Caches are used to store a subset of a larger memory space in a smaller, faster memory, with the hope that future memory accesses will find their data in the cache rather than needing to access slower memory. A cache replacement policy decides which cache lines should be replaced when a new cache line needs to be stored. Ideally, data that will be accessed in the near future should be preserved, but real systems cannot know the future. Traditionally, caches have used (approximations of) the least-recently used (LRU) replacement policy, where the next cache line to be evicted is the one that has been least recently used.
Assuming data that has been recently accessed will likely be accessed again soon usually works well. However, an access pattern that repeatedly cycles through a working set larger than the cache results in 100% cache miss: The most recently used cache line won’t be reused for a long time. Adaptive Insertion Policies for High Performance Caching (ISCA 2007) and a follow-on paper High performance cache replacement using re-reference interval prediction (RRIP) (ISCA 2010) describe similar cache replacement policies aimed at improving this problem. The L3 cache on Intel’s Ivy Bridge appears to use an adaptive policy resembling these, and is no longer pseudo-LRU.
Measuring Cache Sizes
The behaviour of LRU replacement policies with cyclic access patterns is useful for measuring cache sizes and latencies. The access pattern used to generate Figure 1 is a random cyclic permutation, where each cache line (64 bytes) in an array is accessed exactly once in a random order before the sequence repeats. Each access is data-dependent so this measures the full access latency (not bandwidth) of the cache. Using a cyclic pattern results in sharp changes in latency between cache levels.
Figure 1 clearly shows two levels of cache for the Yorkfield Core 2 (32 KB and 6 MB) and three levels for the other three. All of these transitions are fairly sharp, except for the L3-to-memory transition for Ivy Bridge (“3rd Generation Core i5″). There is new behaviour in Ivy Bridge’s L3 cache compared to the very similar Sandy Bridge. Curiosity strikes again.
Ivy Bridge vs. Sandy Bridge
Figure 2 shows a comparison of Sandy Bridge and Ivy Bridge, for varying stride. The stride parameter affects which bytes in the array are accessed by the random cyclic permutation. For example, a stride of 64 bytes will only access pointers spaced 64 bytes apart, accessing only the first 4 bytes of each cache line, and accessing each cache line exactly once in the cyclic sequence. A stride less than the cache line size results in accessing each cache line more than once in the random sequence, leading to some cache hits and transitions between cache levels that are not sharp. Figure 2 shows that Sandy Bridge and Ivy Bridge have the same behaviour except for strides at least as big as the cache line size for Ivy Bridge’s L3.
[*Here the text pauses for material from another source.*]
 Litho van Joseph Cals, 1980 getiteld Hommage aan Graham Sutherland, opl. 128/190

There are several hypotheses that can explain an improvement in L3 cache miss rates. Only a changed cache replacement policy agrees with observations:
- Prefetching: An improved prefetcher capable of prefetching near-random accesses would benefit accesses of any stride. Figure 2 shows no improvement over Sandy Bridge for strides smaller than a cache line.
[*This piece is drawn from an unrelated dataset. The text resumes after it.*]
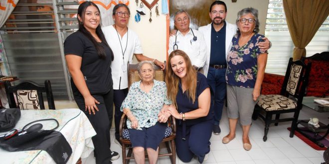Mérida, Yucatán a 21 de abril de 2025.- Debido a la importancia del cuidado de la salud en la construcción de la justicia social, la Presidenta Municipal Cecilia Patrón Laviada supervisó la atención a Genny Mendoza Silveira con el programa Médico a Domicilio, en el fraccionamiento Chenkú.

- Changed hash function: This would show a curve with a strange shape, as some parts of the array see a smaller cache size while some other parts see a bigger size. This is not observed.
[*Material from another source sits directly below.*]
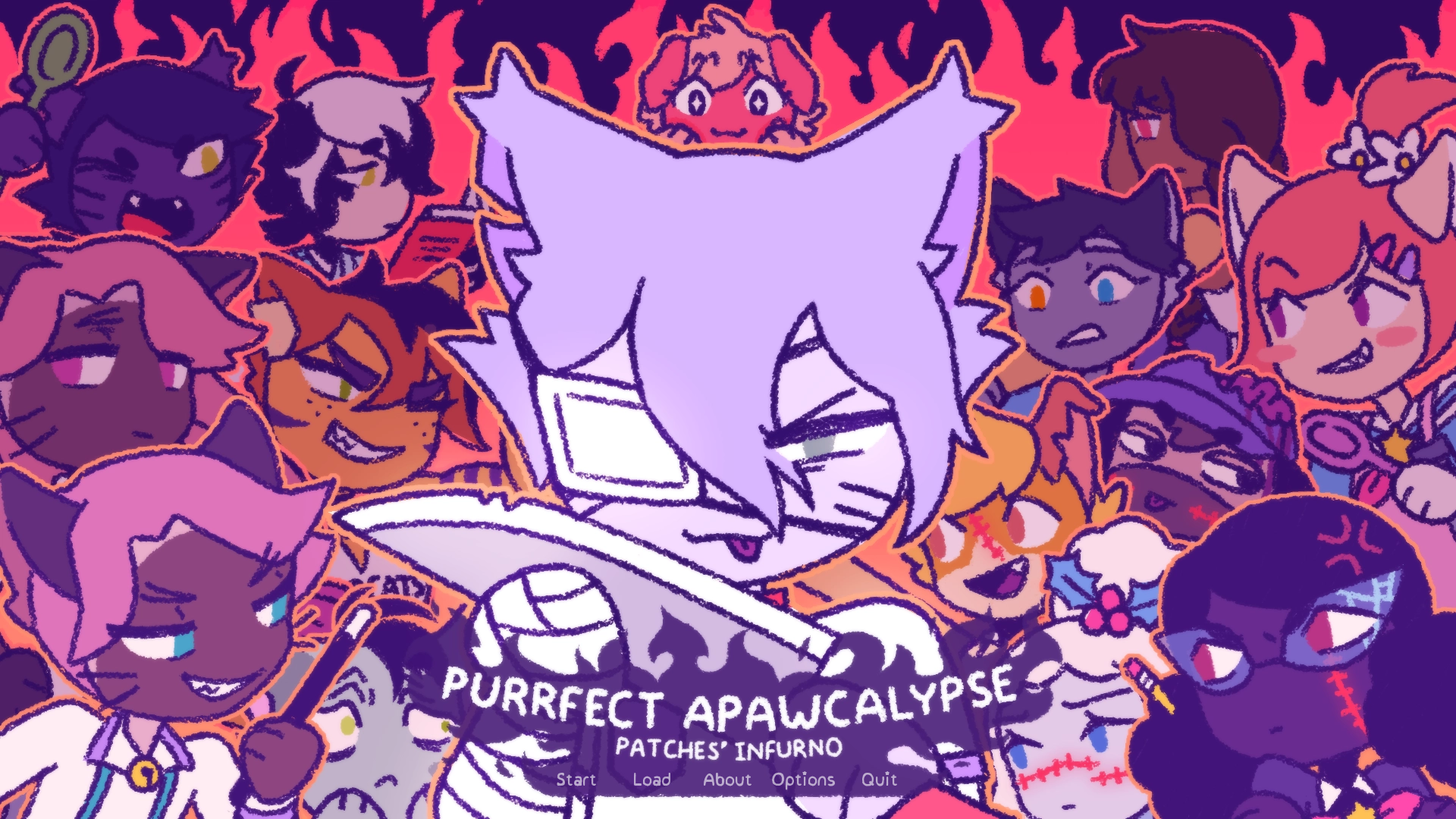 Purrfect Apawcalypse: Patches’ Infurno is the last game of a visual novel trilogy about dogs, cats and the apocalypse. The places you go, characters you meet and choices you make will lead you to either death or happiness, so choose wisely!

- Changed replacement policy: Should show apparent cache size unchanged, but transitions between cache levels may not show the sharp transition seen with LRU policies. This agrees with observations.
Figure 3 shows two plots similar to Figure 2 for larger stride values (512 bytes to 128 MB). The curved shape of the plots for Ivy Bridge is clearly visible for many stride values.
Adaptive replacement policy?
An interesting paper from UT Austin and Intel from ISCA 2007 (Adaptive Insertion Policies for High Performance Caching) discussed improvements to the LRU replacement policy for cyclic access patterns that don’t fit in the cache. The adaptive policy tries to learn whether the access pattern reuses the cache lines before eviction and chooses an appropriate replacement policy (LRU vs. Bimodal Insertion Policy, BIP). BIP places new cache lines most of the time in the LRU position, the opposite behaviour of LRU.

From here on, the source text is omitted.